Bila ditempatkan dalam bingkai analisis ini, perubahan sistem politik yang terjadi pascareformasi
sebenarnya baru menyumbang salah satu syarat keberhasilan gerakan sosial. Bila ingin benar-benar
berhasil, gerakan sosial juga harus ditunjang oleh syarat lainnya, yaitu kekompakan internal di dalam
masyarakat sipil itu sendiri. Syarat kedua ini sendiri masih harus ditunggu hasil akhirnya. Sekilas, hasil
sementara menunjukkan kecenderungan yang semakin memburuk. Memburuknya situasi masyarakat
sipil, yang antara lain bisa dilihat dari meningkatnya premanisme dan menguatnya gelombang
fundamentalisme, tentu saja menciptakan ancaman tersendiri bagi mereka yang ingin memperjuangkan
haknya, terutama kelompok minoritas. Dengan status minoritasnya yang rentan (entah karena jumlah
warga yang minimal maupun identitas yang rentan dipukul karena trauma [politik] masa lalu),
kelompok seperti sedulur sikep dan parmalim tampaknya secara strategis sengaja memilih strategi nonkonfrontasi untuk memperjuangkan hak dan kepentingan mereka.
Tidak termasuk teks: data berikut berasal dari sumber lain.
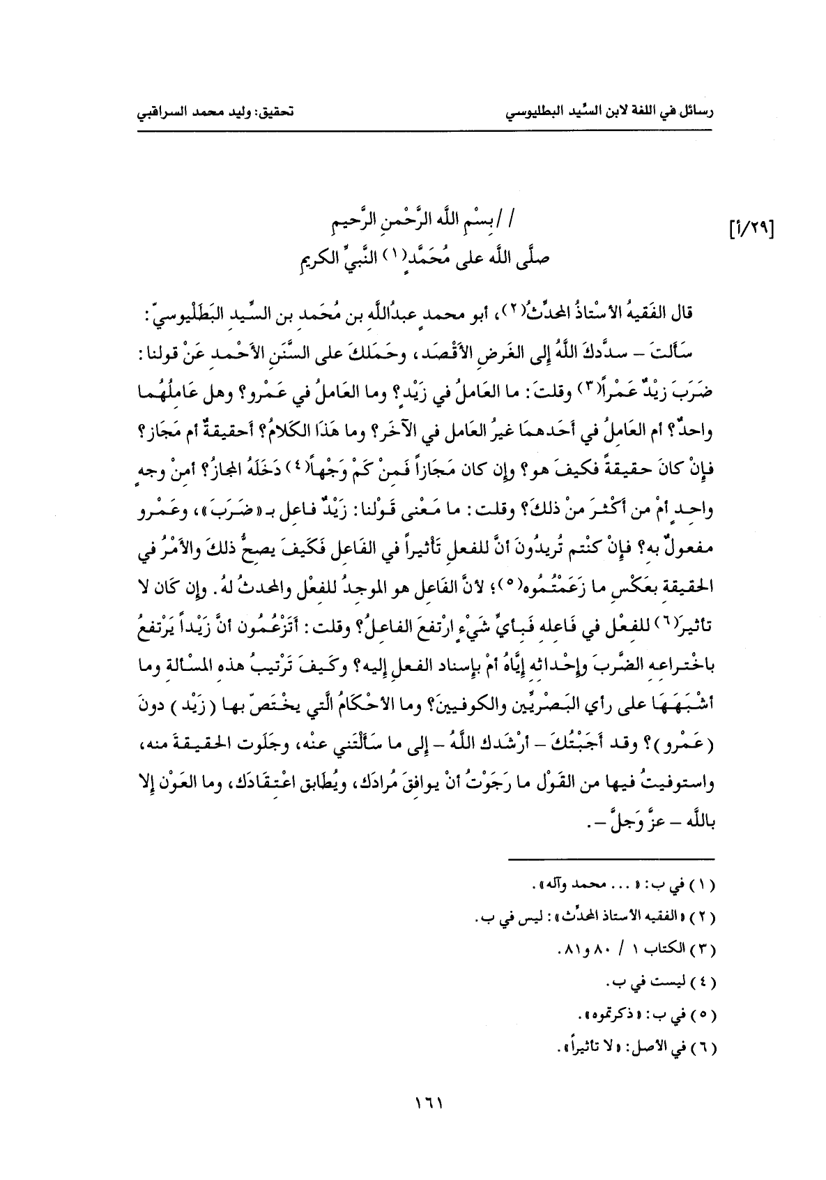 قال الفقيه الأستاذ المحدث، أبو محمد عبد الله بن محمد بن السيد البطليوسي: سألت _سددك الله إلى الغرض الأقصد، وحملك على السنن الأحمد عن قولنا: ضرب زيد عمراً وقلت: ما العامل في زيد؟ وما العامل في زيد؟ وما العامل في عمرو؟ وهل عاملها واحد؟ أم العامل في الآخر؟ وما هذا الكلام؟ أحقيقة أم مجاز؟ فإن كان حقيقة فكيف هو؟ وإن كان مجازاً فمن كم وجهاً دخله المجاز؟ أمن وجه واحد أم من أكثر من ذلك؟ وقلت: ما معنى قولنا: زيد فاعل بـ «ضرب»، وعمرو مفعول به؟ فإن كنتم تريدون أن للفعل تأثيرا في الفاعل فكيف يصح ذلك والأمر في الحقيقة بعكس ما زعمتوه؛ لأن الفاعل هو الموجد للفعل والمحدث له. وإن كان لا تأثير للفعل في فاعله فبأي شيء ارتفع الفاعل؟ وقلت: أتزعمون أن زيداً يرتفع باختراعه الضرب وإحداثه إياه أم بإسناد الفعل إليه؟ وكيف ترتيب هذه المسألة وما أشبهها على رأي البصريين والكوفيين؟ وما الأحكام التي يختص بها (زيد) دون (عمرو)؟ وقد أجبتك _أرشدك الله_ إلى ما سألتني عنه، وجلوت الحقيقة منه، واستوفيت فيها من القول ما رجوت أن يوافق مرادك، ويطابق اعتقادك، وما العون إلا بالله _عز وجل_.

Latar belakang sosial dan pandangan hidup dua komunitas ini, dua faktor minimal yang diurai di tulisan
singkat ini, menunjukkan secara jelas bahwa keduanya mengambil strategi non-konfrontatif BUKAN
KARENA mereka tidak punya sumberdaya untuk melakukan strategi konfrontatif. Dengan akses
mereka yang terbuka pada informasi, sulit dibantah jika mereka tahu betul soal perkembangan mutakhir
sistem politik atau sistem hukum di negeri ini. Strategi non-konfrontatif mereka bisa jadi diambil karena
dua hal (1) pandangan hidup mereka yang mementingkan harmoni; atau (2) mereka tidak yakin bahwa
masyarakat sipil yang menjadi rekan kerja mereka belum cukup kuat untuk menanggung resiko yang
mungkin muncul jika mereka melakukan strategi konfrontasi. Strategi konfrontatif bisa jadi
menempatkan keselamatan komunitas sebagai taruhannya, harga yang bisa jadi dianggap terlalu mahal
untuk dibayar oleh komunitas ini.
Bila asumsi ini benar adanya, barangkali harus dilakukan pembagian peran dalam gerakan untuk
memperjuangkan status kewarganegaraan yang sejajar bagi komunitas minoritas. NGOs dan kelompok
masyarakat sipil non-komunitas minoritas bisa mengambil peran lebih besar pada konfrontasi terbuka
di depan hukum, seperti uji materi terhadap produk perundangan yang membatasi pengakuan resmi
hanya pada 6 agama saja; pada saat yang sama, komunitas minoritas lebih banyak berperan dalam
penguatan jaring-jaring informal dengan berbagai komunitas mayoritas lain yang berpotensi menjadi
kawan sekaligus lawan, seperti pondok pesantren atau gereja. Dalam konteks ini, strategi kultural
menjadi sama pentingnya dengan strategi reformasi hukum.